American convicted murderer

Courtney Christine Schulhoff (born December 27, 1987) is an American prisoner who was convicted of the bludgeoning death of her father in his Altamonte Springs, Florida apartment when she was 16 years old. She was convicted of first-degree murder and was sentenced to life without the possibility of parole in September 2006. In March 2017, Schulhoff was given a reduced sentence of 40 years.

==Background==
Courtney Schulhoff lived in Altamonte Springs, Florida with her father after her parents divorced. She attended Lyman High School, but had dropped out and was pursuing her GED. Before dropping out of school, 15-year-old Schulhoff began dating Michael Morin, a man whom she had met at a dog race track across the street from her high school. Morin, who was five years Schulhoff's senior, was on probation for car theft after stealing his father's car. Schulhoff's father did not approve of their relationship but the couple continued to date. They would often hang out at a local gas station where Schulhoff reportedly told Morin that her father physically abused her regularly.

==Murder==
On the night of February 9, 2004, Schulhoff's father Stephen was beaten to death inside his apartment. After the murder, Schulhoff and Morin reportedly drove to a McDonald's 20 miles away in Orlando, Florida using Stephen Schulhoff's truck. Later in the afternoon, the couple returned to the apartment. Morin later said that he and Schulhoff had planned to take her father's body to Brevard County and throw it off a bridge.

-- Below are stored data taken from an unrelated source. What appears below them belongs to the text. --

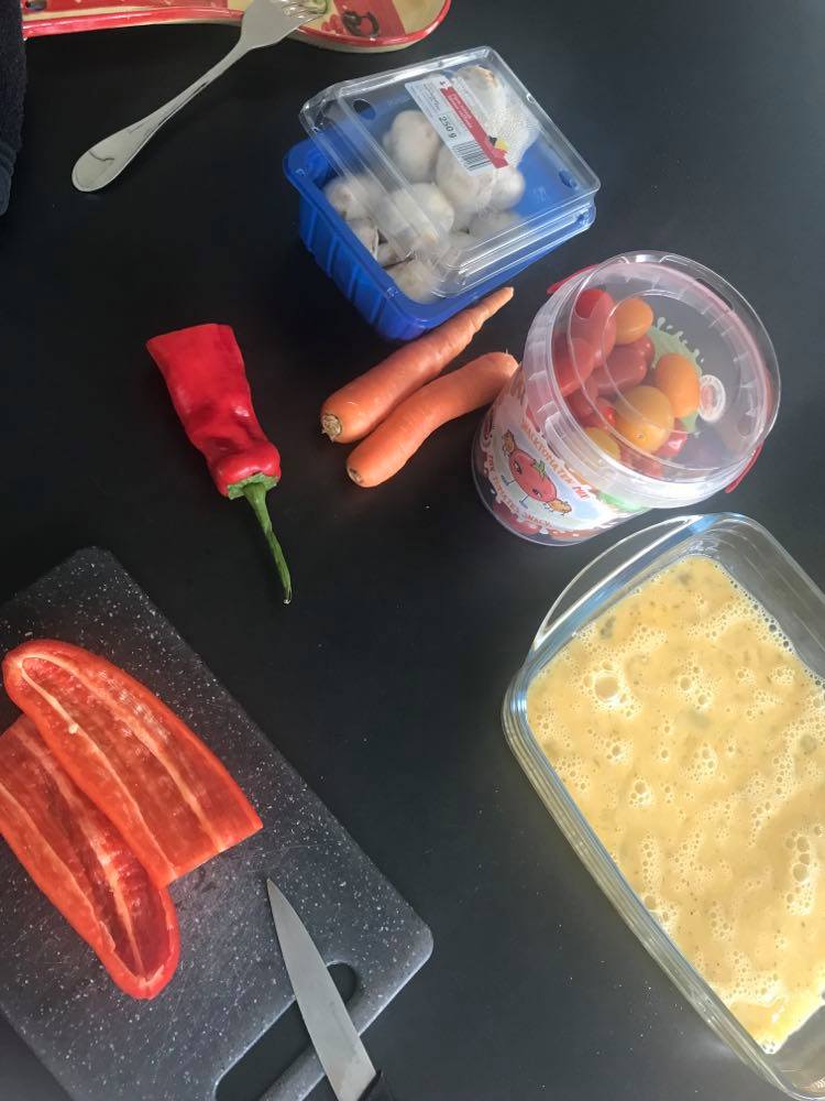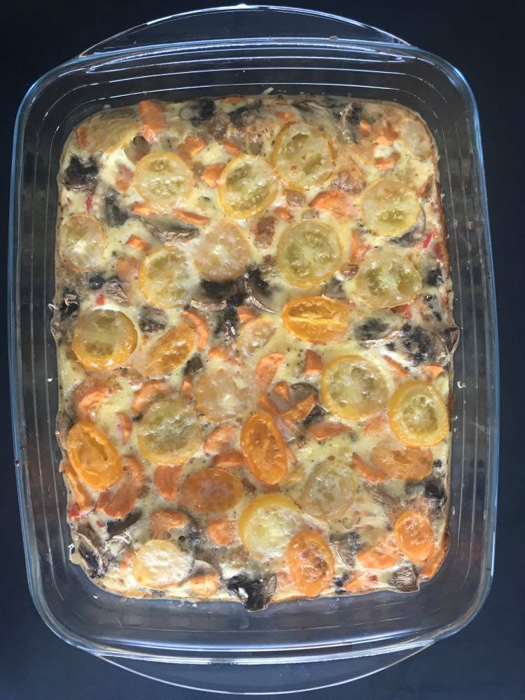 Vet een ovenschaal in met olijfolie. Doe de 4 eieren erin en kluts ze door elkaar. Voeg de melk toe en meng goed. Strooi de groenten over het eimengsel. De groenten zakken vanzelf door het gewicht.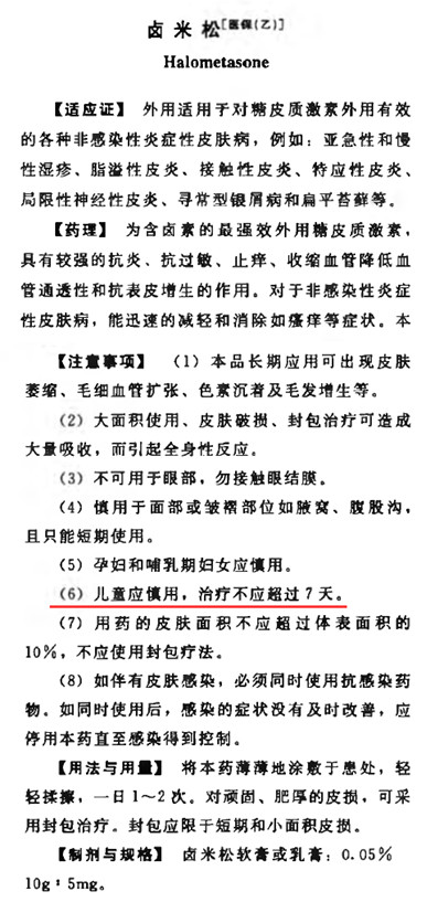 由以上信息可见,诸如卤米松的超强效类的糖皮质激素是不建议向儿童使用的,至少是不推荐长期使用。但香港澳美制药在宣传资料中却写“唯一明确指出儿童可放心使用的激素”确实是会给人带来误导!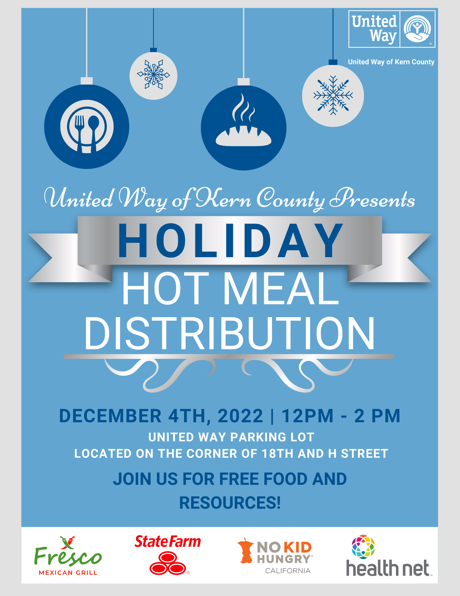 Join us for free food and resources December 4, 2022 12:00-2:00 in the United Way Parking Lot- corner of 18th and H Street.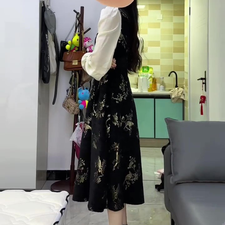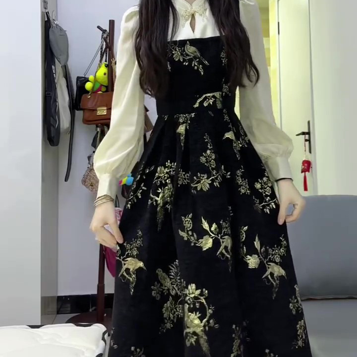 ベルベット調の生地に施された繊細な花鳥刺繍が、エレガントな雰囲気を演出します。
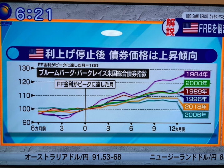先週、Newsモーニングサテライトでは、利上げ停止後、債券価格は上昇傾向にあるとのデータを取り上げておりました。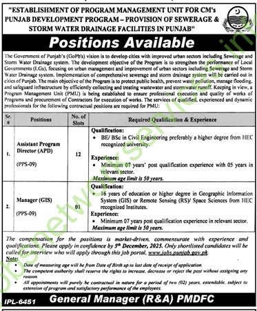 The main objective of the Program is to improve public health, reduce water pollution, manage flooding, and safeguard infrastructure by efficiently collecting and treating wastewater and stormwater runoff. To ensure professional execution and quality of work, a Program Management Unit (PMU) is being established. The Government is seeking qualified, experienced, and dynamic professionals for the following positions:

Schulhoff and Morin were apprehended on February 11 after Stephen Schulhoff's girlfriend, Elaine Bouck, came to the apartment to check on Stephen. Bouck called 911 after seeing the couple flee from the apartment. Schulhoff later told police that she and Morin had decided to kill her father after her father had beaten her on February 9. She initially claimed that while she was out taking her father's dog for a walk, Morin had decided to "take care of the problem" and kill Stephen. Schulhoff claimed that when she returned to the apartment, she discovered Morin covered in blood and saw the baseball bat by the front door. She stated that Morin admitted to killing her father and threatened to kill her if she called authorities. Morin denied that he had initiated the killing, stating that Schulhoff left the Louisville Slugger baseball bat used to kill Stephen Schulhoff outside the bedroom door for him to use. Morin claimed that he had tried to talk Schulhoff out of killing her father, to no avail. He also claimed to have no memory of beating Stephen Schulhoff stating that he "blacked out" as soon as he grabbed the bat and only became lucid when he was washing the blood off his body after the attack. In a second interview with police, Schulhoff admitted that she waited at the apartment's tennis court area while Morin killed her father and intentionally left the baseball bat by the door for Morin.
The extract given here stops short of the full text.